Work required:
The records that follow are to be given again exactly. Do not carry over any image.

Dataset:
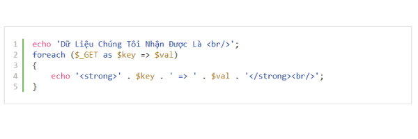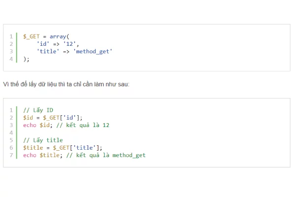 Tất cả các dữ liệu mà Client gửi lên bằng phương thức GET. Đều được lưu lại trong một biến toàn cục mà PHP tự tạo ra đó là biến $_GET. Biến này là kiểu mảng kết hợp lưu trữ danh sách dữ liệu từ client gửi lên theo quy luật key => value. Ví dụ với URL freetuts.net?id=12&title=method_get dữ liệu sẽ được lưu trong biến $_GET dưới dạng:
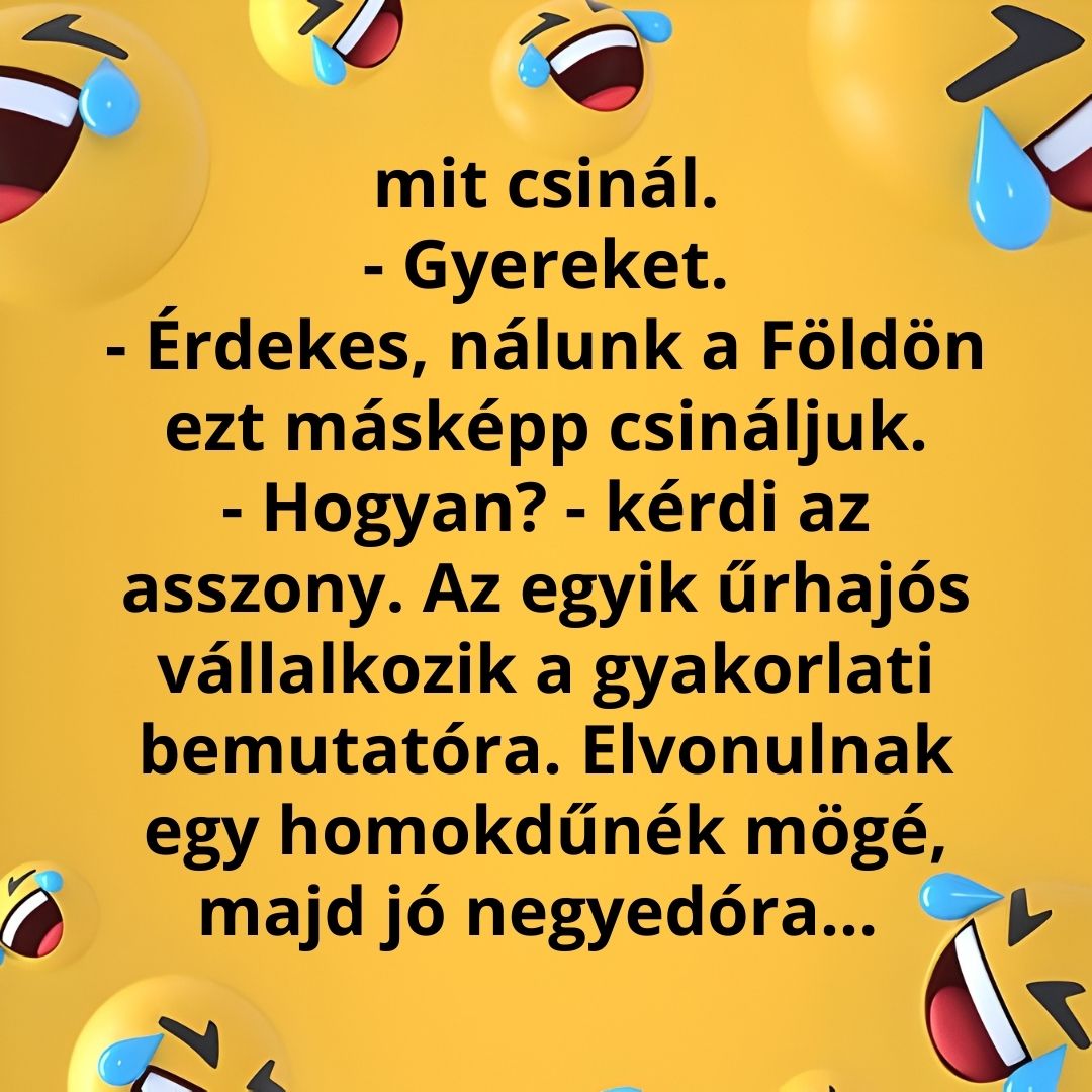 Vicc az asztronautákról, akik megmutatják a Marsbéli asszonynak, hogy a Földön hogyan csinálnak gyereket.
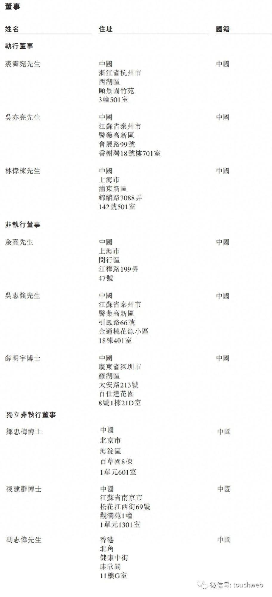 荃信生物执行董事分别为裘霁宛、吴亦亮、林伟栋;非执行董事分别为余熹、吴志强、薛明宇博士;独立非执行董事分别为邹忠梅博士、凌建群博士、冯志伟。
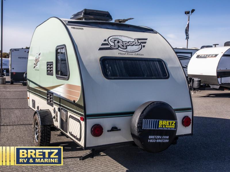 The R-Pod RP-172 travel trailer by Forest River offers a rear U-shaped dinette.
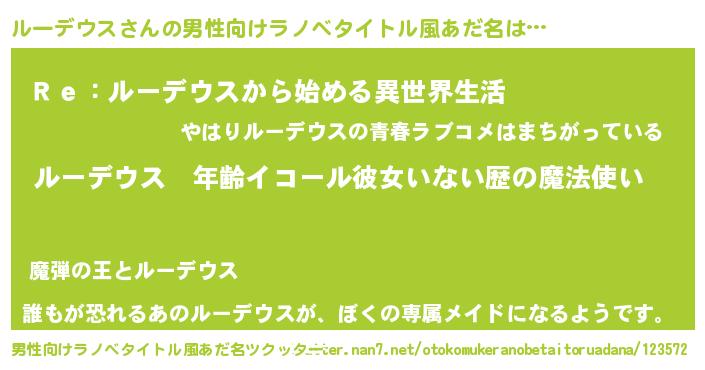 | 胡散臭い通販商品みたいなあだ名 | 『芸能人もオススメする高麗人参…その名も「ルーデウス」』 |
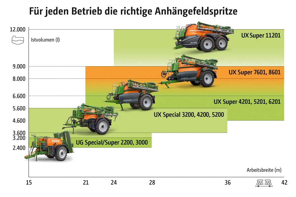 AMAZONE breidt de familie UX getrokken veldspuiten uit met de krachtige typen UX 7601 Super met 8.000 l en UX 8601 Super met 9.000 l werkelijke inhoud. Dankzij de consequente voortzetting van het compacte AMAZONE-machineontwerp combineren de nieuwe modellen een tankinhoud tot 9.000 l en een spuitboombreedte tot 42 m met de goede wendbaarheid en hoge stabiliteit van een enkelassige veldspuit.
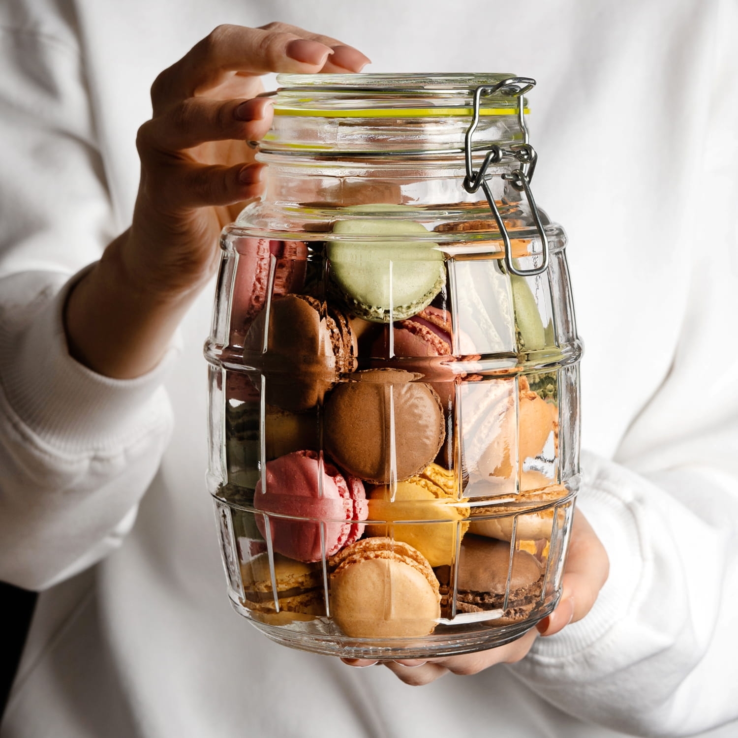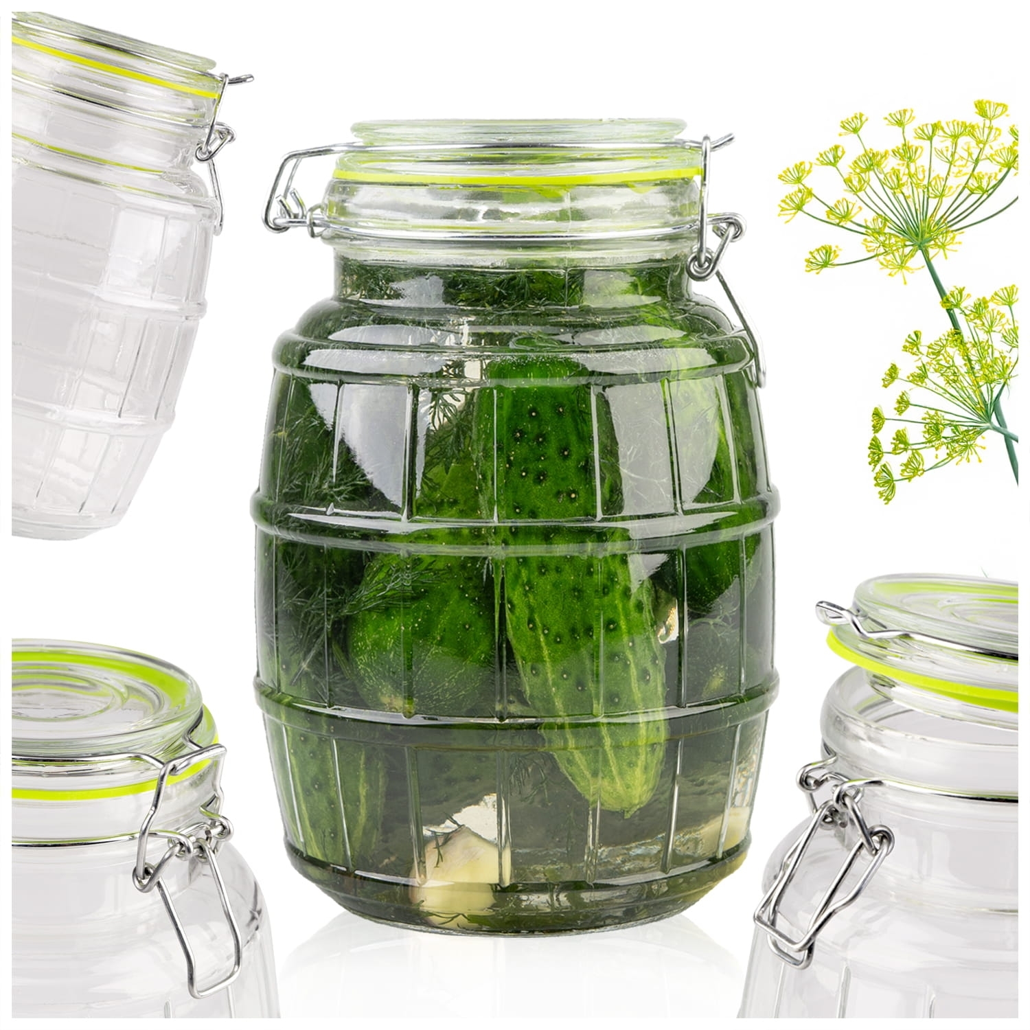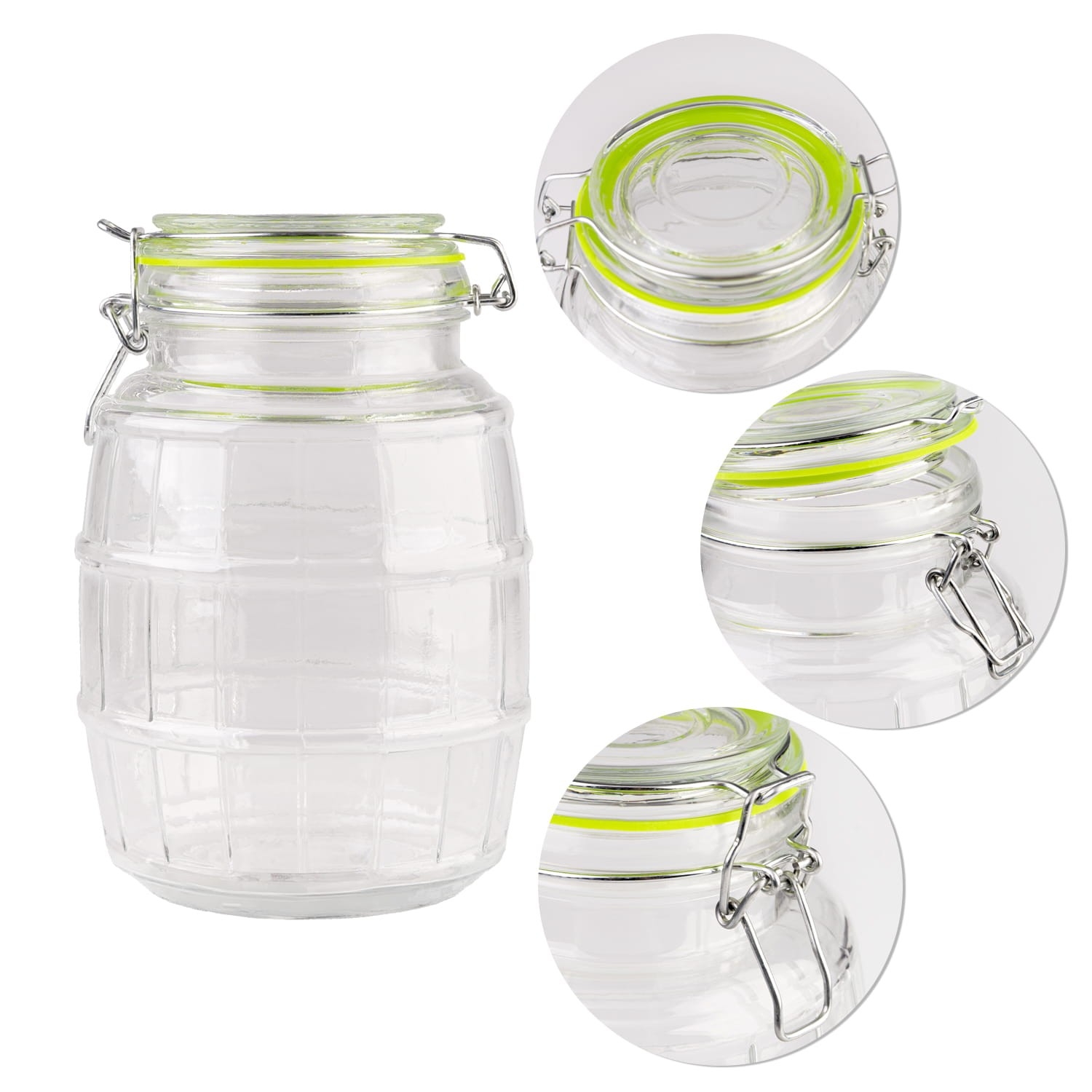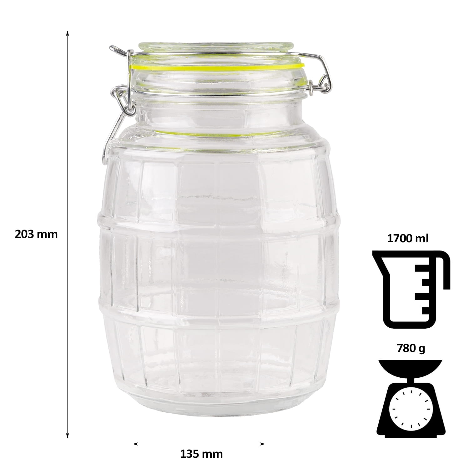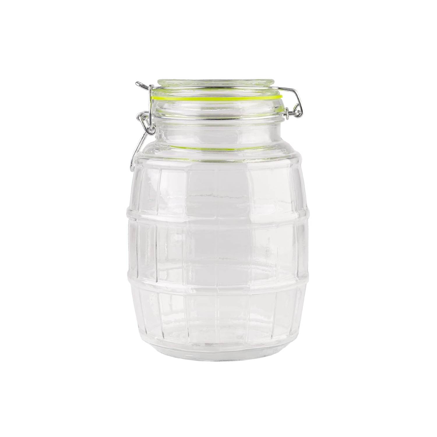 Dóza z kvalitního skla kombinuje funkčnost a elegantní design s drážkovaným povrchem ve tvaru soudku. Využijete ji na mouku, cukr, rýži, kávu, čaj či těstoviny, ale také při domácím nakládání a kvašení.

Output for this task:
 Tất cả các dữ liệu mà Client gửi lên bằng phương thức GET. Đều được lưu lại trong một biến toàn cục mà PHP tự tạo ra đó là biến $_GET. Biến này là kiểu mảng kết hợp lưu trữ danh sách dữ liệu từ client gửi lên theo quy luật key => value. Ví dụ với URL freetuts.net?id=12&title=method_get dữ liệu sẽ được lưu trong biến $_GET dưới dạng:
 Vicc az asztronautákról, akik megmutatják a Marsbéli asszonynak, hogy a Földön hogyan csinálnak gyereket.
 荃信生物执行董事分别为裘霁宛、吴亦亮、林伟栋;非执行董事分别为余熹、吴志强、薛明宇博士;独立非执行董事分别为邹忠梅博士、凌建群博士、冯志伟。
 The R-Pod RP-172 travel trailer by Forest River offers a rear U-shaped dinette.
 | 胡散臭い通販商品みたいなあだ名 | 『芸能人もオススメする高麗人参…その名も「ルーデウス」』 |
 AMAZONE breidt de familie UX getrokken veldspuiten uit met de krachtige typen UX 7601 Super met 8.000 l en UX 8601 Super met 9.000 l werkelijke inhoud. Dankzij de consequente voortzetting van het compacte AMAZONE-machineontwerp combineren de nieuwe modellen een tankinhoud tot 9.000 l en een spuitboombreedte tot 42 m met de goede wendbaarheid en hoge stabiliteit van een enkelassige veldspuit.
 Dóza z kvalitního skla kombinuje funkčnost a elegantní design s drážkovaným povrchem ve tvaru soudku. Využijete ji na mouku, cukr, rýži, kávu, čaj či těstoviny, ale také při domácím nakládání a kvašení.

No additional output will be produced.